- [Assigned task]:
Keep the wording of each record exactly the same when you repeat it, and leave out pictures.

- [Available data]:

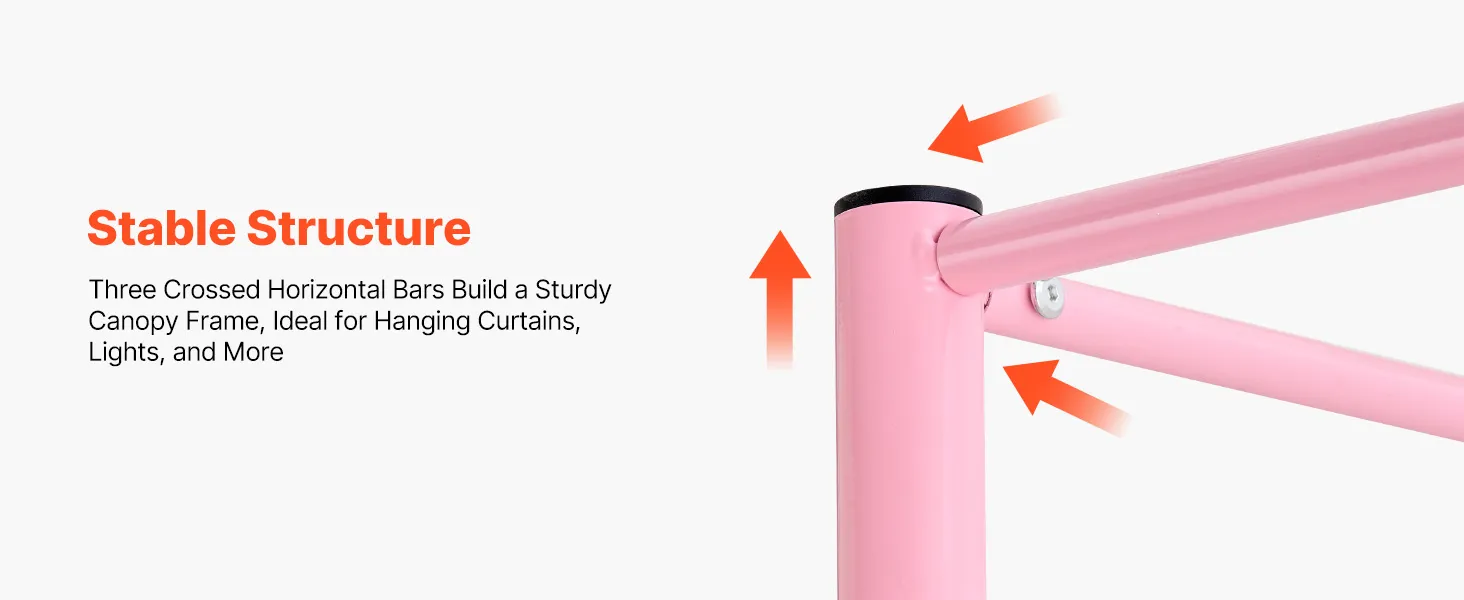 A2: Určite. Horný rám je vybavený tromi priečnikmi určenými na zavesenie záclon, svetelných strún alebo sietí proti hmyzu. Konštrukcia je stabilná a ľahko unesie ľahké dekorácie. V záujme bezpečnosti sa vyhnite zaveseniu ťažkých predmetov.
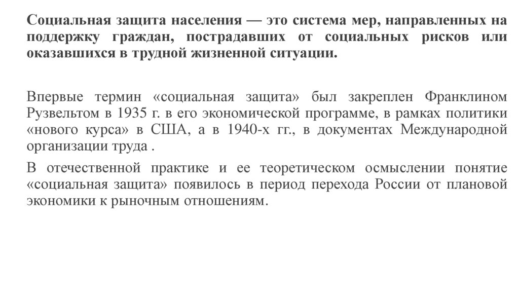 Социальная защита населения — это система мер, направленных наподдержку граждан, пострадавших от социальных рисков или
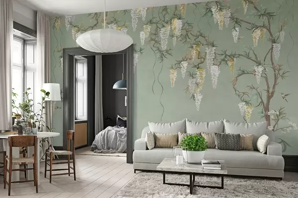 carta da parati Rami fioriti con fiori bianchi e uccellini su sfondo verde nr. w05394
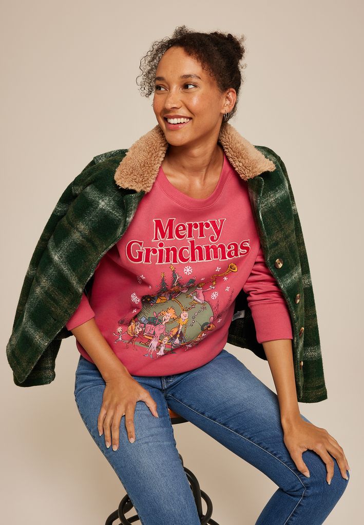 • licensed “Merry Grinchmas” embroidered graphic
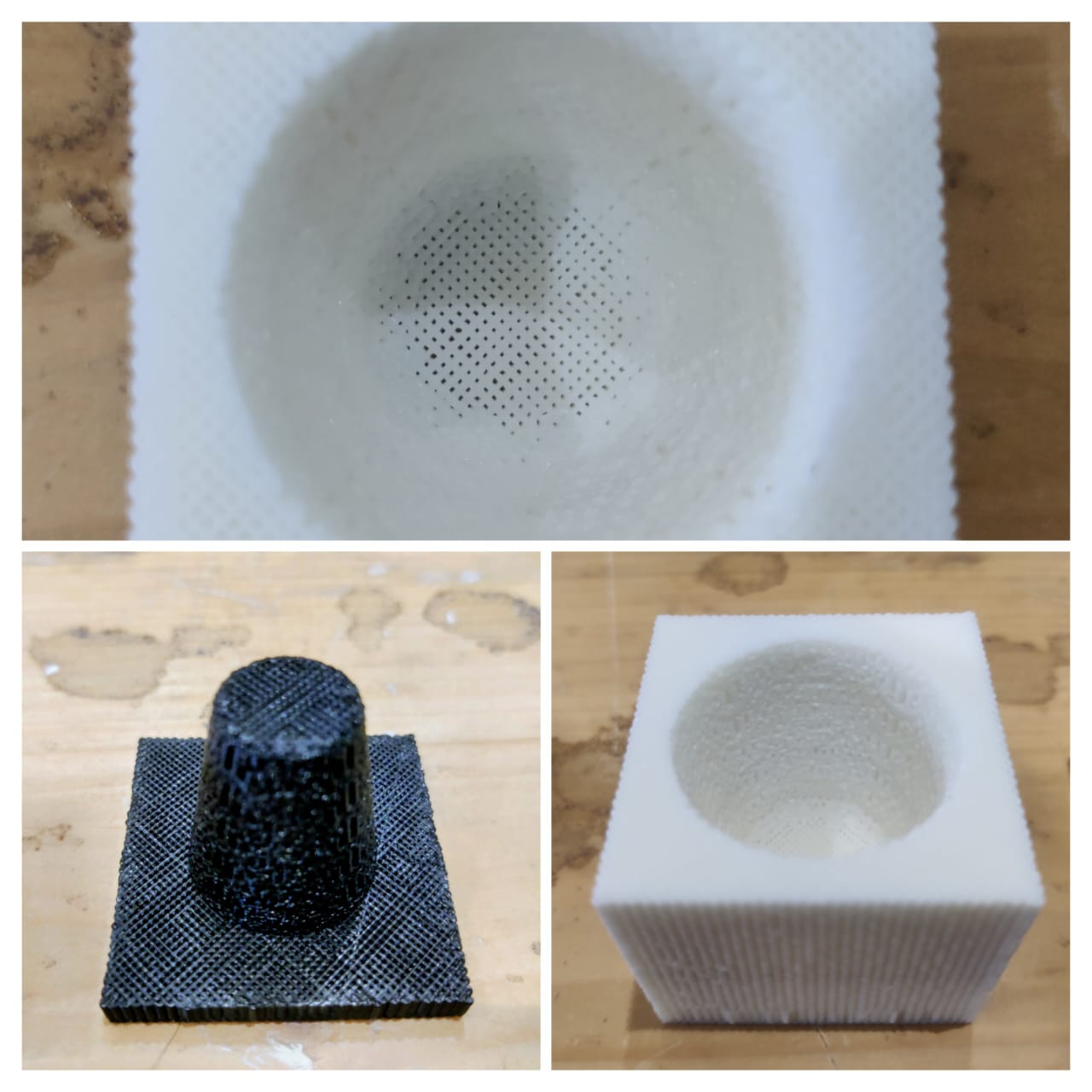 Composite molding using 3d prints. Printing the mold without a perimeter shell, only infill, to explore how well the infill structure wicks the moisture away or absorbs it, and if it can then successfully be used for water based composite molding, like paper, papiermache , shredded cardboard , etc.

- [Result of the task]:
 A2: Určite. Horný rám je vybavený tromi priečnikmi určenými na zavesenie záclon, svetelných strún alebo sietí proti hmyzu. Konštrukcia je stabilná a ľahko unesie ľahké dekorácie. V záujme bezpečnosti sa vyhnite zaveseniu ťažkých predmetov.
 Социальная защита населения — это система мер, направленных наподдержку граждан, пострадавших от социальных рисков или
 carta da parati Rami fioriti con fiori bianchi e uccellini su sfondo verde nr. w05394
 • licensed “Merry Grinchmas” embroidered graphic
 Composite molding using 3d prints. Printing the mold without a perimeter shell, only infill, to explore how well the infill structure wicks the moisture away or absorbs it, and if it can then successfully be used for water based composite molding, like paper, papiermache , shredded cardboard , etc.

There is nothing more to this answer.